Однако и Чичерин был непреклонен, только когда речь шла о здоровье. А вообще-то он был покладистым парнем. Если вся компания улетала в горы, он просил взять его с собой. Затевались игры, он был неистощим в выдумках.

О Халиле с Элей и говорить нечего: все свое время они отдавали Валентину и, казалось, были готовы выполнить любой его каприз, а не только разумное желание.

И все-таки Селянину было не по себе. Предупредительность друзей иногда раздражала. Он не хотел, чтобы его опекали. Ему было привычней заботиться о других.

В один из вечеров собрались у Филиппа перед видеопанорамой — ждали, что выступит знаменитый оперный певец. Эля была восторженной поклонницей его таланта. А Халилу не нравился излишний рационализм певца.

— Очень много от ума, — утверждал он. — Совсем мало от эмоций, от души…

— Как ты можешь так несправедливо! — возражала Эля. — Сейчас убедишься — он великий артист!

К сожалению, концерт по какой-то причине отменили. Все испытывали досаду. А на Валентина навалилась тоска. Филипп уселся перед каким-то, напоминающим орган, инструментом и заиграл. Нет, это был не орган. Казалось, звуки большого оркестра раздаются в комнате. Необыкновенность инструмента, прозрачная, как небо в час рассвета, мелодия…

Потом они пели. Сначала — Халил, Эля, Филипп. Песни были очень разные и о разном. О сине-зеленых волнах океана, которые не признают покоя, бьют и бьют в черную грудь скалы, уверенные: камень в конце концов будет подточен, сломлен их упорством. О планетолетчиках, попавших в беду на далеком застывшем Плутоне. Двое из них пожертвовали собой, чтобы третий смог вернуться на Землю…
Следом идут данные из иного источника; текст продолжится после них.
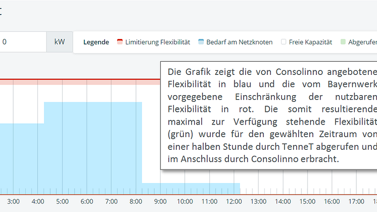 Bei dem Testabruf wurde auf Anforderung von TenneT die Einspeisung einer von Consolinno gesteuerten KWK-Anlage, die am Nieder- und Mittelspannungsnetz des Bayernwerks angebunden ist, erhöht, so dass sie dem Netz in Engpasssituationen den zur Stabilisierung notwendigen Strom zur Verfügung stellen konnte. Neu ist, dass die Anlage durch Technologie von Consolinno selbständig mittels künstlicher Intelligenz ihr Flexibilitätspotenzial feststellt. Das Flexibilitätspotenzial der einzelnen Anlagen kann dann mittels Schwarmintelligenz weiter aggregiert werden oder direkt kontinuierlich in einer Zeit von 36 Stunden bis zu 20 Minuten vor der Erbringung dem Netzbetreiber mitgeteilt werden. Die Anlagen befinden sich dabei in der normalen Vermarktung und Betriebsweise und melden zusätzlich freie Flexibilitätsmengen in Form von Fahrplänen, die der Netzbetreiber dann aktiv in die Planung einbinden kann (siehe Grafik Seite 2).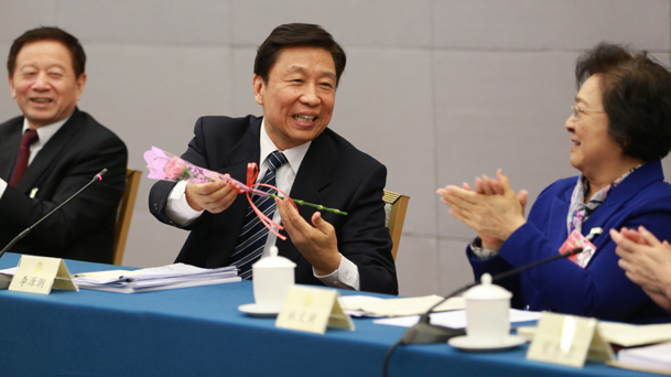 2016年3月8日,全國政協十二屆四次會議婦聯界別舉行聯組會議,中共中央政治局委員、國家副主席李源潮參加聯組會議討論,并祝女委員們節日快樂。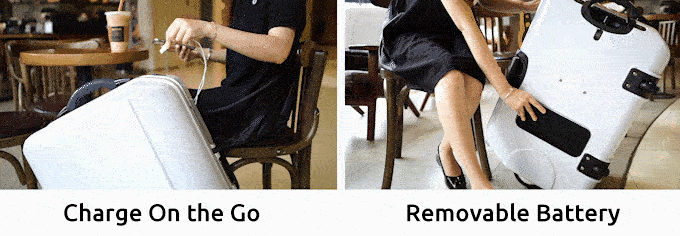 バッテリーは汎用性の高いUSBポートで充電でき、取り外してスマホを充電することもできるので旅行中に起きるスマホの電池切れも怖くない。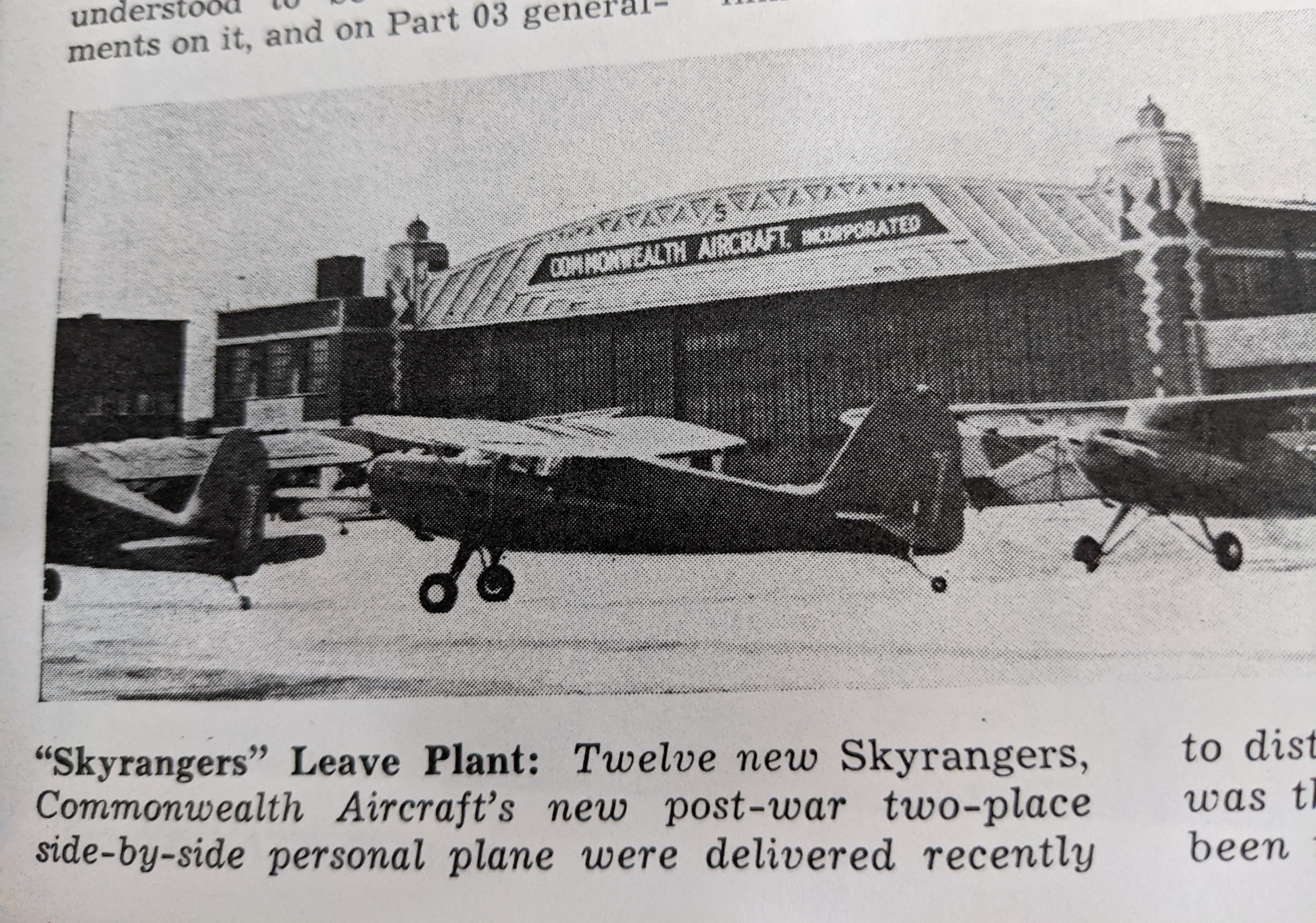 What I am going to write about is January 21st, 1946. Seventy five years ago today at the Fairfax County Airport in Kansas, a factory test pilot only remembered by the initials H.E.L. (license #60402) climbed aboard airframe #16 of the newly-revived Commonwealth Skyranger line and fired it up for its first test hop.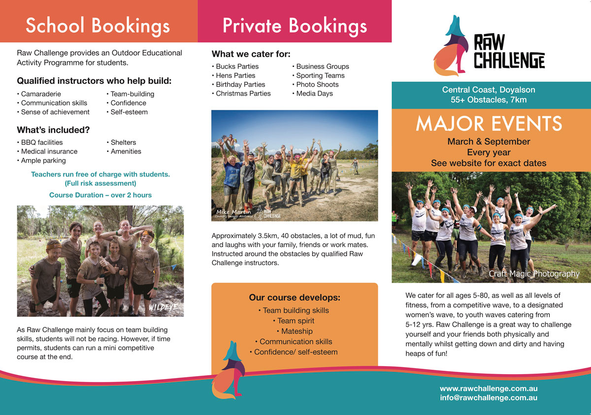 Raw Challenge is a permanent training facility, we also cater for sporting teams, schools and private groups throughout the whole year, please check School and Private bookings.
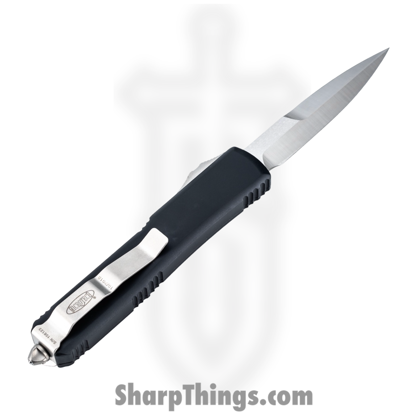 Microtech – 120-4 – Ultratech – OTF Auto – Elmax, M390, 204P Satin Bayonet – 6061-T6 Aluminum – Black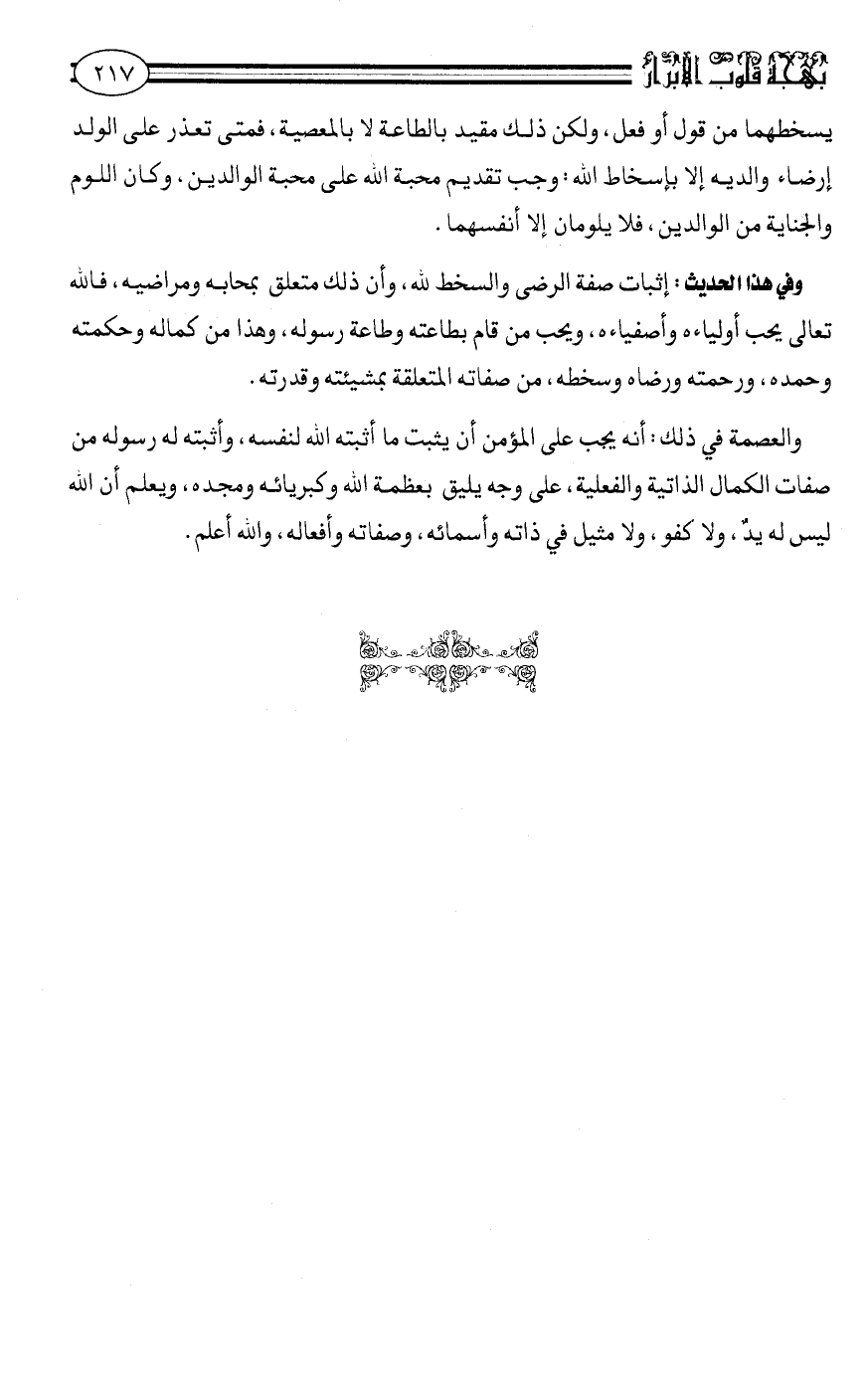 يسخطهما من قول أو فعل. ولكن ذلك مقيد بالطاعة لا بالمعصية. فمتى تعذر على الولد إرضاء والديه إلا بإسخاط الله، وجب تقديم محبة الله على محبة الوالدين. وكان اللوم والجناية من الوالدين، فلا يلومان إلا أنفسهما.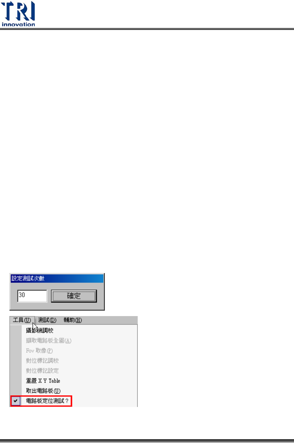 Test Research Inc. TR7500SeriesUserGuide – Software 195 z 在此畫面下按鍵盤上之 [fid] 三個字母後,畫面上會產生 [Search] 及 [Apply Weighting] 兩個按紐,其功能如下: z [Search] -按下本按鈕可以顯示對這個影像檢測的分數。例如顯示 [91/61] ,就表 示檢測結果為 91 分而門檻分數設定為 61 。

Пели негромко, для себя, и еще, конечно, для Валентина. И его попросили что-нибудь спеть.

Он не смог отказаться. Запел одну из самых любимых,

Бьется в тесной печурке огонь, На поленьях смола, как слеза…

Грустная и суровая песня. А он вспомнил, как брел по тундре в последние двое суток своей прежней жизни. И песню, которую повторял тогда, как заклинание, тоже вспомнил.

…Пусть гром гремит, пускай пожар кругом. Мы беззаветные герои все, И вся-то наша жизнь есть борьба, борьба…

Он оборвал песню где-то посредине и, торопливо попрощавшись, спустился к себе.

Утром Филипп виновато признался:

— Вот вчера, когда ты убежал… Я подумал, что с тобой нельзя, как с другими… Такой характер деятельный, непоседливый… А я только о спокойствии…

— Тошно от твоего спокойствия! Удавиться можно от такого спокойствия!..

— Вот-вот… — с неожиданной радостью согласился Филипп. — Я советовался тут… Поругали меня: почему один решал. Правильно в песне… Ну, что жизнь — борьба… В общем, можете ехать, куда вздумается. Лишь бы на Земле, а не на Луне или еще дальше в космосе.

Валентин в первое мгновение даже не поверил, что понял правильно, хлопнул Филиппа по плечу:

— Спасибо! Ты отличный парень. И медицина ваша блеск да и только, если помогла тебе догадаться. Преотличная наука!

Получасом спустя собрались вчетвером. Халил бурно радовался:

— Замечательно, Филипп, ах, как замечательно! Мы всю землю оглядим, все покажем. Давно бы надо разрешить, дорогой.

В глазах Эли тоже была радость. Однако вела себя девушка намного сдержаннее. Видимо, поэтому Филипп обратился к ней.

— Знаешь, мне очень бы приятно — вместе с вами, а?

— Решающее слово не за мной. Но если обещаешь не терроризировать своими требованиями, тогда мой голосишко «за»…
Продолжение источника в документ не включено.